Data Cleaning
Last updated on 2025-01-07 | Edit this page
Overview
Questions
- How to convert dates to ISO?
- How to match scientific names to WoRMS?
- How to convert latitudes and longitudes to decimal degrees?
Objectives
- Aligning dates to the ISO 8601 standard.
- Matching scientific names to WoRMS.
- Converting latitude and longitude variations to decimal degrees North and East.

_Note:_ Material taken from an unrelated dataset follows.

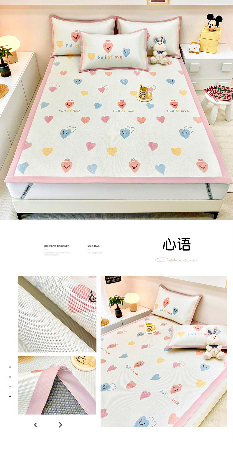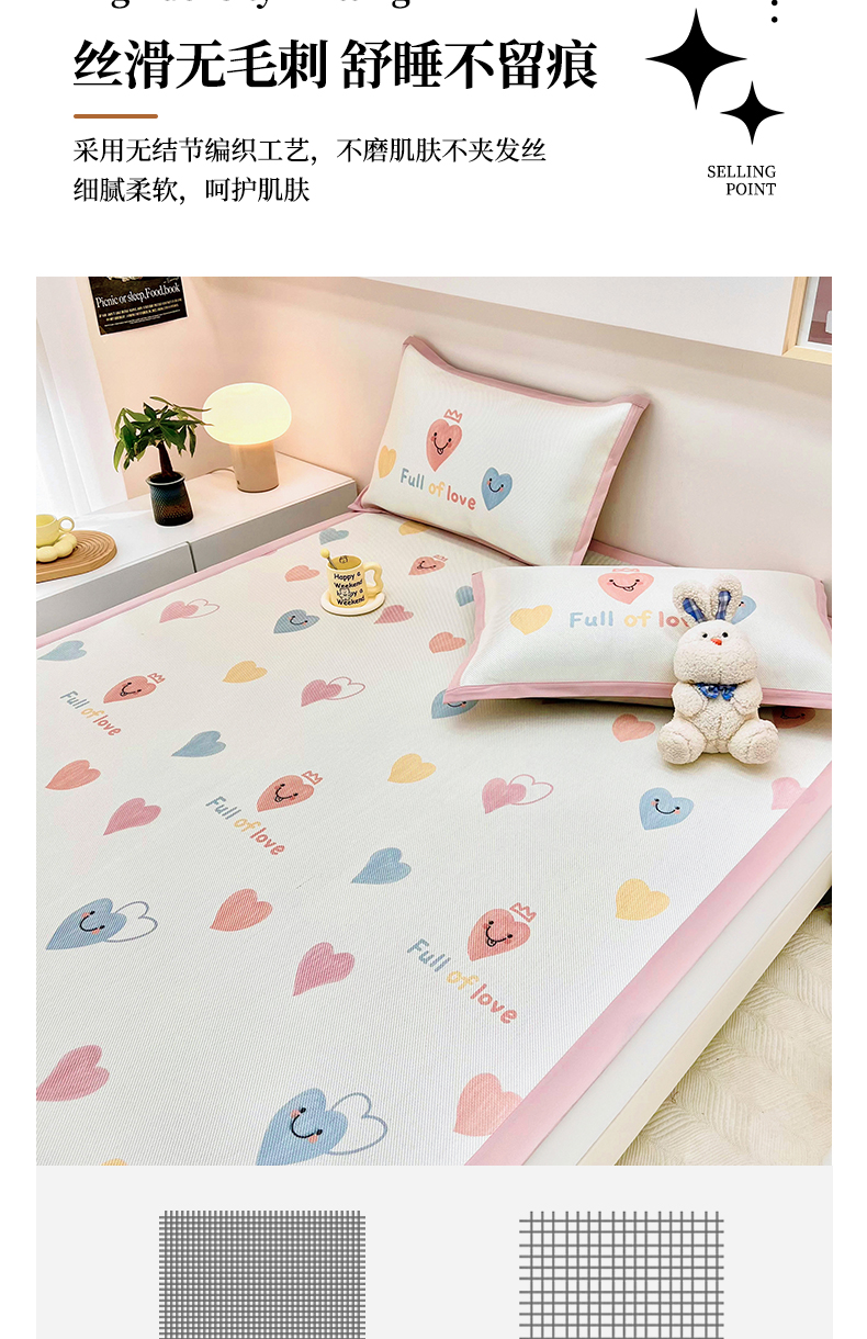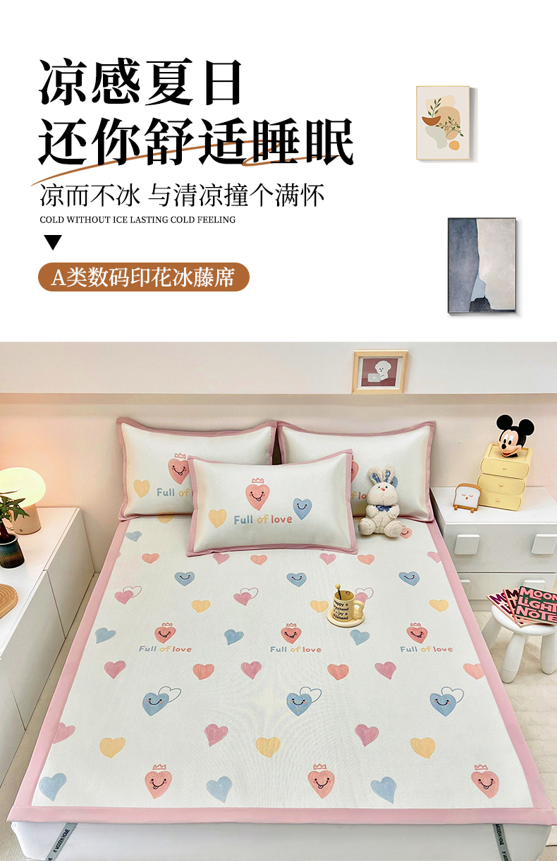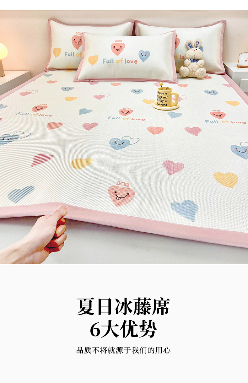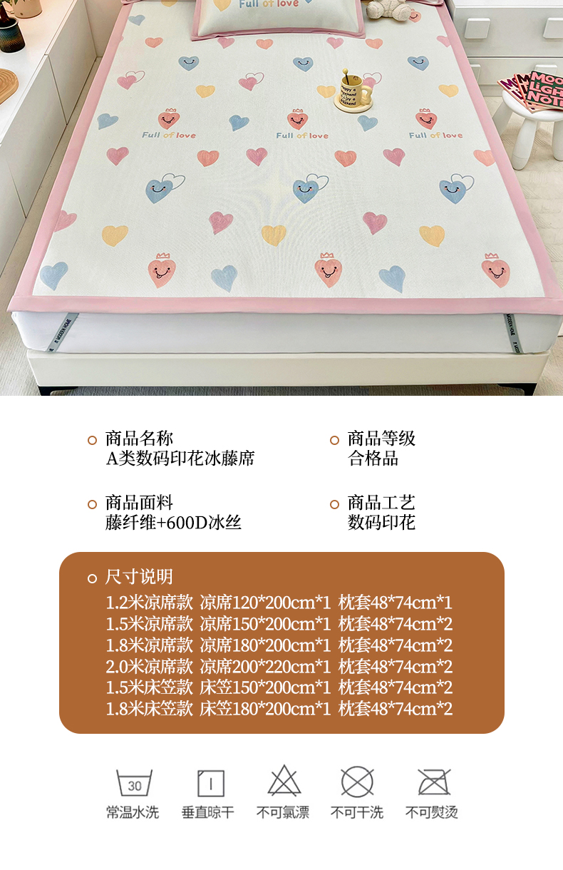 当前位置: 91家纺网 > 商品网购 > 床上用品 > 凉席 > 藤席 > 全季家居 2024新款5A抗菌小清新数码印花冰藤席 彩色爱心(床席款)

Now that you know what the mapping is between your raw data and the Darwin Core standard, it’s time to start cleaning up the data to align with the conventions described in the standard. The following activities are the three most common conversions a dataset will undergo to align to the Darwin Core standard: 1. Ensuring dates follow the ISO 8601 standard 2. Matching scientific names to an authoritative resource 3. Ensuring latitude and longitude values are in decimal degrees
Below is a short summary of each of those conversions as well as some example conversion scripts. The exercises are intended to give you a sense of the variability we’ve seen in datasets and how we went about converting them. While the examples use the pandas package for Python and the tidyverse collection of packages for R (in particular the lubridate package), those are not the only options for dealing with these conversions but simply the ones we use more frequently in our experiences.
Getting your dates in order
Dates can be surprisingly tricky because people record them in many
different ways. For our purposes we must follow ISO 8601 which means
using a four digit year, two digit month, and two digit day with dashes
as separators (i.e. YYYY-MM-DD
). You can also record time
in ISO 8601 but make sure to include the time zone which can also get
tricky if your data take place across time zones and throughout the year
where daylight savings time may or may not be in effect (and start and
end times of daylight savings vary across years). There are packages in
R and Python that can help you with these vagaries. Finally, it is
possible to record time intervals in ISO 8601 using a slash
(e.g. 2022-01-02/2022-01-12
). Examine the dates in your
data to determine what format they are following and what amendments
need to be made to ensure they are following ISO 8601. Below are some
examples and solutions in Python and R for them.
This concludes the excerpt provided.